RECORDS FOR THE TASK:

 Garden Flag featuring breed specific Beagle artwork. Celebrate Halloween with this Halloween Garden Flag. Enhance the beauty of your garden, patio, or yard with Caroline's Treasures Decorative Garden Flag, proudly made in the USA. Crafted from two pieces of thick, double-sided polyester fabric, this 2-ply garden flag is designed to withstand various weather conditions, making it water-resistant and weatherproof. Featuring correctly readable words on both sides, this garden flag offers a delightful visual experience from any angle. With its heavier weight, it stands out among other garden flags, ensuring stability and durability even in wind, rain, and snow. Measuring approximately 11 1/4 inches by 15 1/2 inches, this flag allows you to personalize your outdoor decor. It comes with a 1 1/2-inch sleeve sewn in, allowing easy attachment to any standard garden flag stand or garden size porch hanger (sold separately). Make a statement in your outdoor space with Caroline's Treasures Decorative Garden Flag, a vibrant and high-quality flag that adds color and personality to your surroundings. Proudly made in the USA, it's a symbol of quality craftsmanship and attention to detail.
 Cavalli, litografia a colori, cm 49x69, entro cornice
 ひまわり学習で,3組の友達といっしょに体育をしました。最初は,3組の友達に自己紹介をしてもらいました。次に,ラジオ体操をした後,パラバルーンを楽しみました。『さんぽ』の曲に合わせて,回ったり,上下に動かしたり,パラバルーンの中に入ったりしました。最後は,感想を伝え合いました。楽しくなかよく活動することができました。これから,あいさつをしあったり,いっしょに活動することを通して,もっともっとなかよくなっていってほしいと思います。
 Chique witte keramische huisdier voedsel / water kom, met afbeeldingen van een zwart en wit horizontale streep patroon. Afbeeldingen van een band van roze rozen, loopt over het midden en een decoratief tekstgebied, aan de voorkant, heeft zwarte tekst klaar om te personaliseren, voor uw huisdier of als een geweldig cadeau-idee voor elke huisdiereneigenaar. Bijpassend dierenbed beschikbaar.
==
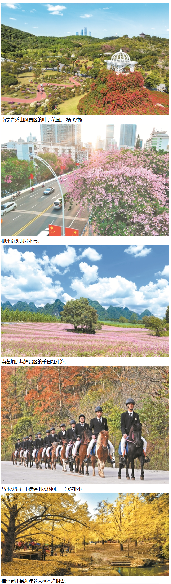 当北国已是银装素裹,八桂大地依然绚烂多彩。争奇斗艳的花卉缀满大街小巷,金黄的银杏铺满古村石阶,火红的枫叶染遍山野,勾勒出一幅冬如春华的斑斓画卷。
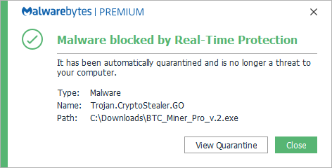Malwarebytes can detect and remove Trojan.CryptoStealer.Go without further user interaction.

DIRECTIONS:
The answer is the lines above between the line holding "Garden Flag featuring" and the line holding "Cavalli, litografia a", inclusive, each written out exactly, and no others.

OUTPUT FOR THIS TASK:
 Garden Flag featuring breed specific Beagle artwork. Celebrate Halloween with this Halloween Garden Flag. Enhance the beauty of your garden, patio, or yard with Caroline's Treasures Decorative Garden Flag, proudly made in the USA. Crafted from two pieces of thick, double-sided polyester fabric, this 2-ply garden flag is designed to withstand various weather conditions, making it water-resistant and weatherproof. Featuring correctly readable words on both sides, this garden flag offers a delightful visual experience from any angle. With its heavier weight, it stands out among other garden flags, ensuring stability and durability even in wind, rain, and snow. Measuring approximately 11 1/4 inches by 15 1/2 inches, this flag allows you to personalize your outdoor decor. It comes with a 1 1/2-inch sleeve sewn in, allowing easy attachment to any standard garden flag stand or garden size porch hanger (sold separately). Make a statement in your outdoor space with Caroline's Treasures Decorative Garden Flag, a vibrant and high-quality flag that adds color and personality to your surroundings. Proudly made in the USA, it's a symbol of quality craftsmanship and attention to detail.
 Cavalli, litografia a colori, cm 49x69, entro cornice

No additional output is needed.